Татьяна Шишова. Узоры на стекле. – Рязань: Зёрна, 2020. – 432 с. – 4000 экз.
Современная русская литература находится на очередной точке перелома. Как, впрочем, и вся христианская, точнее, теперь уже постхристианская цивилизация. Если говорить специально о культуре, то налицо полная исчерпанность постмодернистских моделей с их концом истории, отрицанием иерархии и высшего начала, так сказать, абсолютной относительностью верха и низа, добра и зла, принципиальной антитрадиционностью и антиисторичностью, «выламыванием» из линейного исторического времени одного из главных завоеваний христианской эпохи. Постмодернистская антикультура с её бесконечным глумлением над идеальным и над традицией (с одновременным паразитированием на ней), опусканием человека и его жизни ниже всяких мыслимых нравственных норм, принципиальным отрицанием самого феномена и самой возможности подлинного творчества, то есть создания чего-то нового, серьёзно надоела уже практически всем. За исключением тех, кто превратил это разрушение культуры в свой доходный бизнес.
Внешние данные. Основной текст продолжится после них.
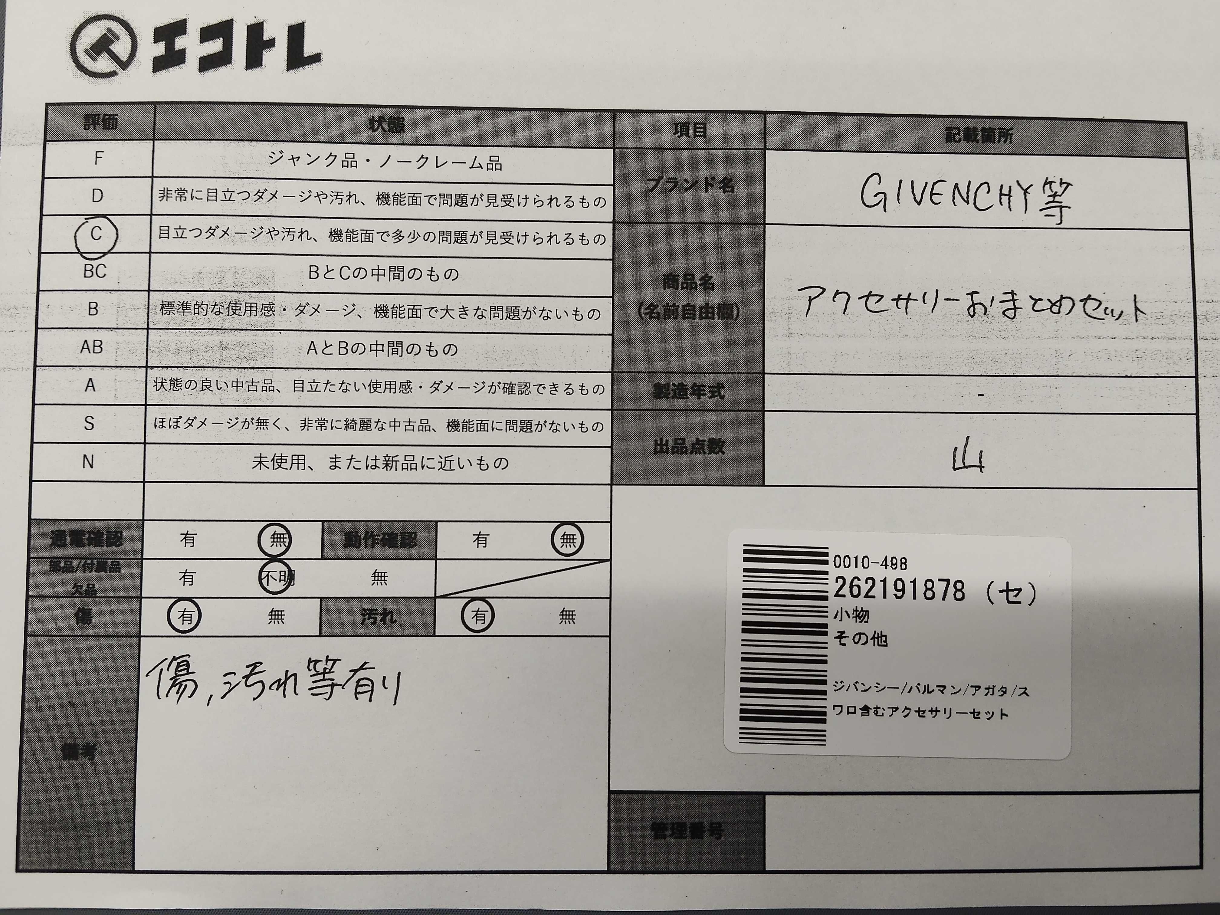 商品内容によって、JITBOXなどでの発送となる可能性がございます事ご理解下さい。年式などの商品情報詳細は写真にてご確認願います。※ご入札の際はご利用規約をよくお読みになってからのご参加お願いします。","タイプライン": "", "カテゴリ": "アクセサリー", "形状コード": "アクセサリーまとめ", "付属品コード": "", "シリアル・シール・型番": ""
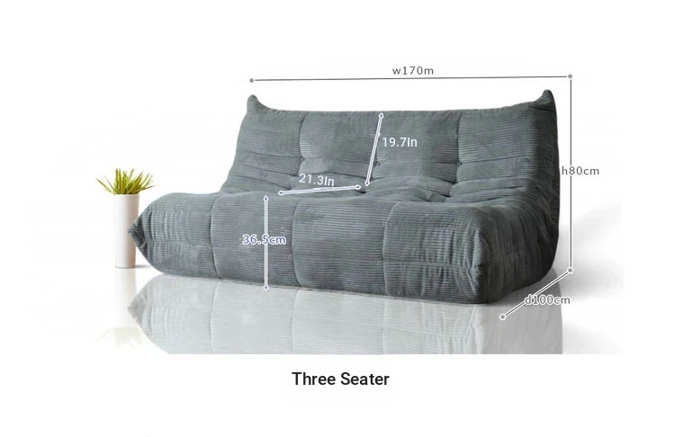 Togo Corduroy Caterpillar Sofa - 1.7m Long, 0.8m Wide, 1.2m High - Stylish Armless Lounger for Living Room - Perfect for Singles and Couples - Cozy and Modern Design

Тот разрыв богочеловеческой вертикали, который положил начало долгому процессу «развития», в конечном счёте и приведшему к постмодернистскому разложению, либо будет преодолён, либо сделает реальностью самые мрачные апокалиптические ожидания «постсовременности». Это и есть перелом. А в ситуации перелома, когда процесс зависает в так называемой точке бифуркации, достаточно, как учат сами же постмодернистские теоретики, слабого воздействия, чтобы повернуть его в ту или иную сторону. А это, в свою очередь, значит, что роль личности, личного усилия в истории вновь возрастает.
Весь XIX век русская литература преодолевала нашествие западной секуляр- ности, стремилась вернуть ту память о Боге, что рьяно пытались отнять у неё в ходе так называемых реформ конца XVII – начала XVIII в. В этом долгом процессе опамятования даже над великой литературой возвышаются исполинские фигуры Пушкина, Гоголя, Достоевского. Достоевскому удалось сделать практически невозможное: средствами светского искусства, оставаясь в его формах, показать то, во что до него проникали в основном лишь святые отцы, – процесс духовной жизни человека. Не душевной (что делали и делают многие), а именно духовной, основу которой, как понятно, составляет диалектика греха и покаяния. Прежде всего поэтому Достоевский – хотя и не узкоконфессиональный, но при этом глубоко христианский художник.
Он и его наследники в эпоху Серебряного века пытались преодолеть либеральный мейнстрим апостасийного обвала и кое в чём преуспели. Но в конечном счёте сделать этого всё-таки не смогли: революционная катастрофа всё же случилась.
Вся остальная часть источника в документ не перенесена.